◆ What to do ◆
The material below includes pictures; leave them out and return only the lines between the line containing "Der KOU KOU" and the line containing "港進聯主席劉漢銓、中聯辦港島工作部部長王如登、中西區區議員林乾禮等主禮嘉賓,舉杯祝願香港經濟復甦,繁榮穩定。 (莊海源 攝)", inclusive, word for word.

#####

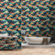 Kleurrijk berglandschap met pijnbomen behang
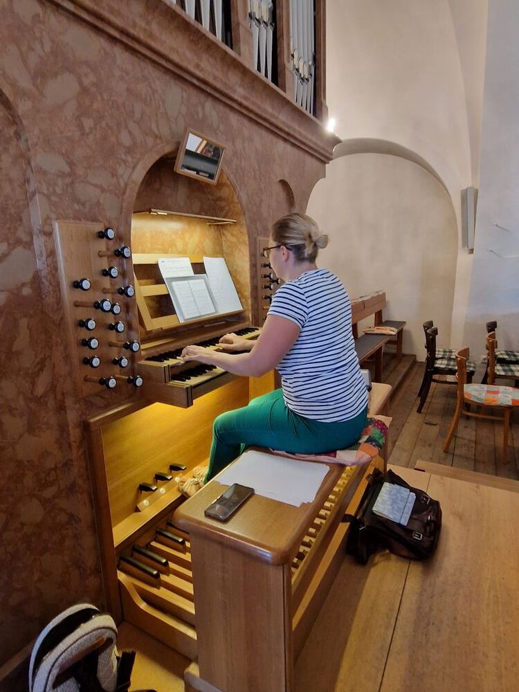 Der KOU KOU TANZ der VS-Kinder und aufbauendes Singen, die Kirchenführung, wo wir „Steine reden lassen“, und ein kleines, feines Orgelkonzert von Valentina Tehovnik belebten das Pfarrfest genauso wie „Gstrichn vui“ oder die musikalische Darbietung von Valentina und Rita. Die Collage einer kreativen Wunschkirche und bunte Steine entlang der Kirchenmauer werden noch länger an das aktive Mitbauen der Kinder erinnern.
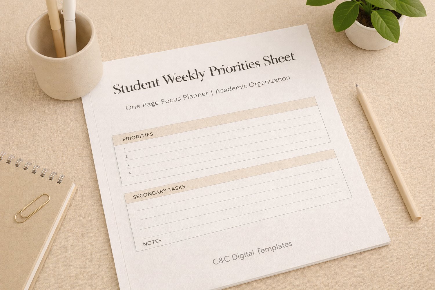 Student Weekly Priorities Sheet – One Page Focus Planner | Academic Organization
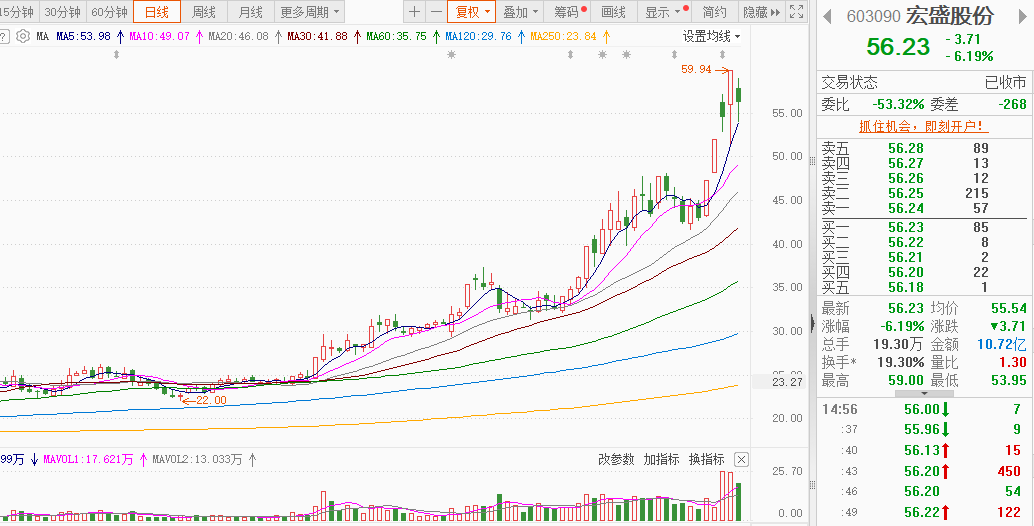 宏盛股份:低开弱势震荡,不过均线支撑不破且依然向上运行,上涨趋势还在没有变化,今天收长下影线的阴线,后续还有继续跟随趋势支撑拉升可能。
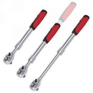Skraldenøgle 1/2 med teleskop 15-44 cm Håndtag 2 komponent gummigreb Tænder 72 stk Længde 300 mm Længde med teleskop 440 mm Satin finish Crome vanadium stål
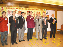港進聯主席劉漢銓、中聯辦港島工作部部長王如登、中西區區議員林乾禮等主禮嘉賓,舉杯祝願香港經濟復甦,繁榮穩定。 (莊海源 攝)
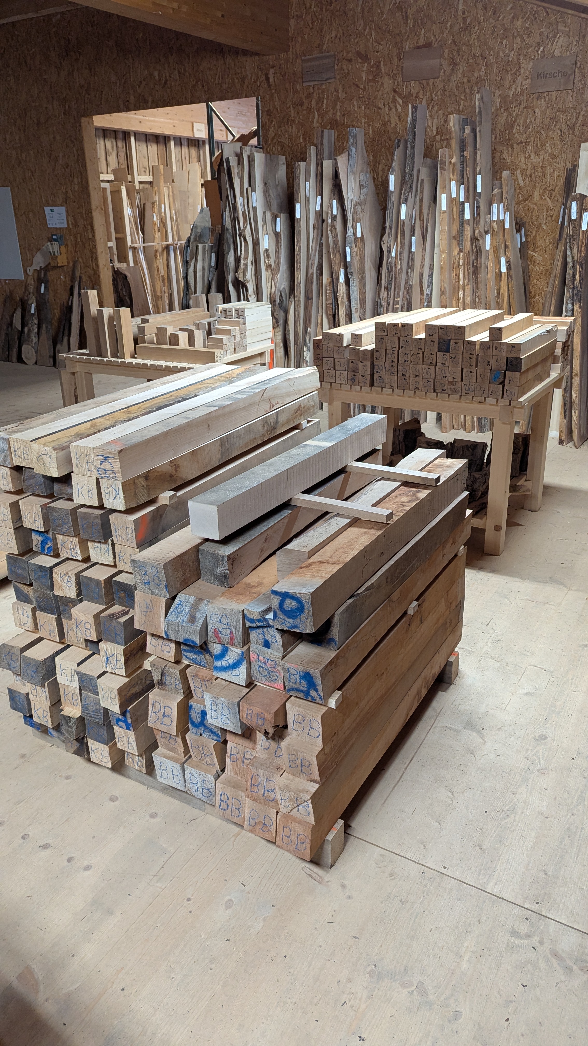 Jedes Stück Holz bringt seinen eigenen Ausdruck und seinen Ursprung im Allgäu mit.
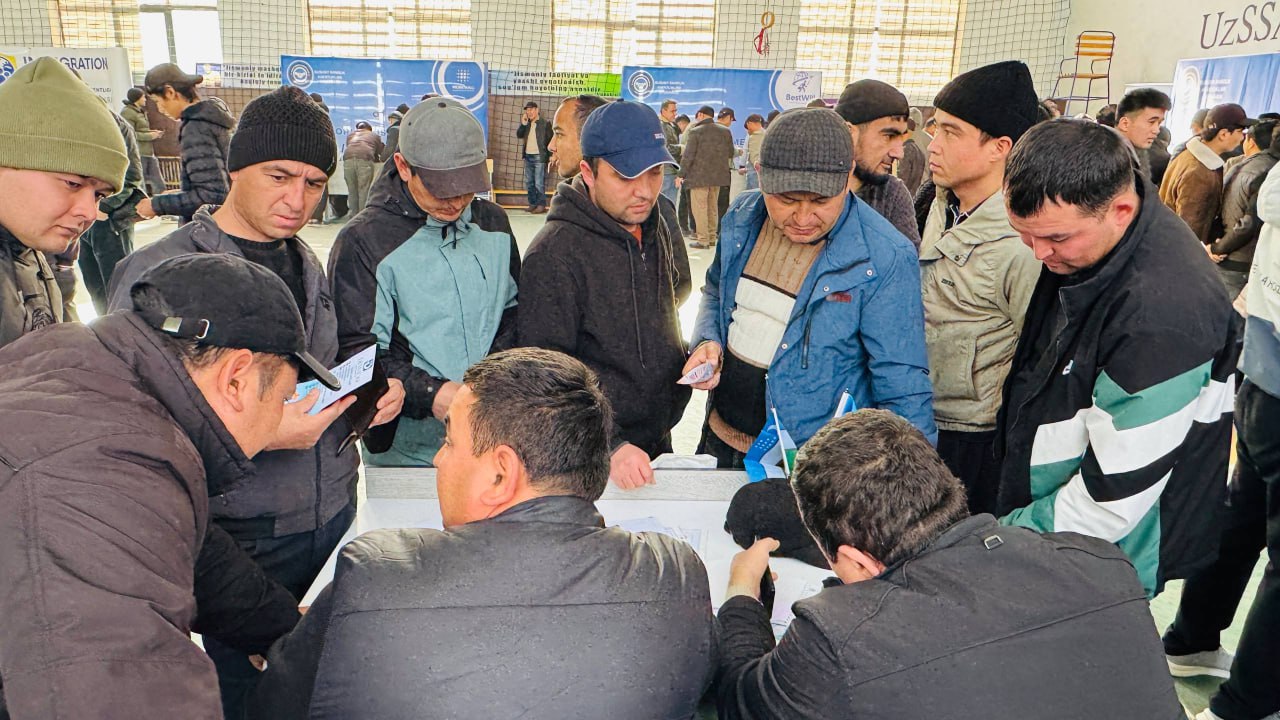 📌 Yarmarka doirasida turli davlatlardagi bo‘sh ish o‘rinlari taqdim etilib, rasmiy va ishonchli ish takliflari yuzasidan ma’lumotlar berilmoqda. Shuningdek, mutaxassislar tomonidan xorijda ishlash tartibi, hujjatlarni rasmiylashtirish va mehnat shartlari bo‘yicha batafsil maslahatlar berilmoqda.

#####

◆ Result of the task ◆
 Der KOU KOU TANZ der VS-Kinder und aufbauendes Singen, die Kirchenführung, wo wir „Steine reden lassen“, und ein kleines, feines Orgelkonzert von Valentina Tehovnik belebten das Pfarrfest genauso wie „Gstrichn vui“ oder die musikalische Darbietung von Valentina und Rita. Die Collage einer kreativen Wunschkirche und bunte Steine entlang der Kirchenmauer werden noch länger an das aktive Mitbauen der Kinder erinnern.
 Student Weekly Priorities Sheet – One Page Focus Planner | Academic Organization
 宏盛股份:低开弱势震荡,不过均线支撑不破且依然向上运行,上涨趋势还在没有变化,今天收长下影线的阴线,后续还有继续跟随趋势支撑拉升可能。
Skraldenøgle 1/2 med teleskop 15-44 cm Håndtag 2 komponent gummigreb Tænder 72 stk Længde 300 mm Længde med teleskop 440 mm Satin finish Crome vanadium stål
港進聯主席劉漢銓、中聯辦港島工作部部長王如登、中西區區議員林乾禮等主禮嘉賓,舉杯祝願香港經濟復甦,繁榮穩定。 (莊海源 攝)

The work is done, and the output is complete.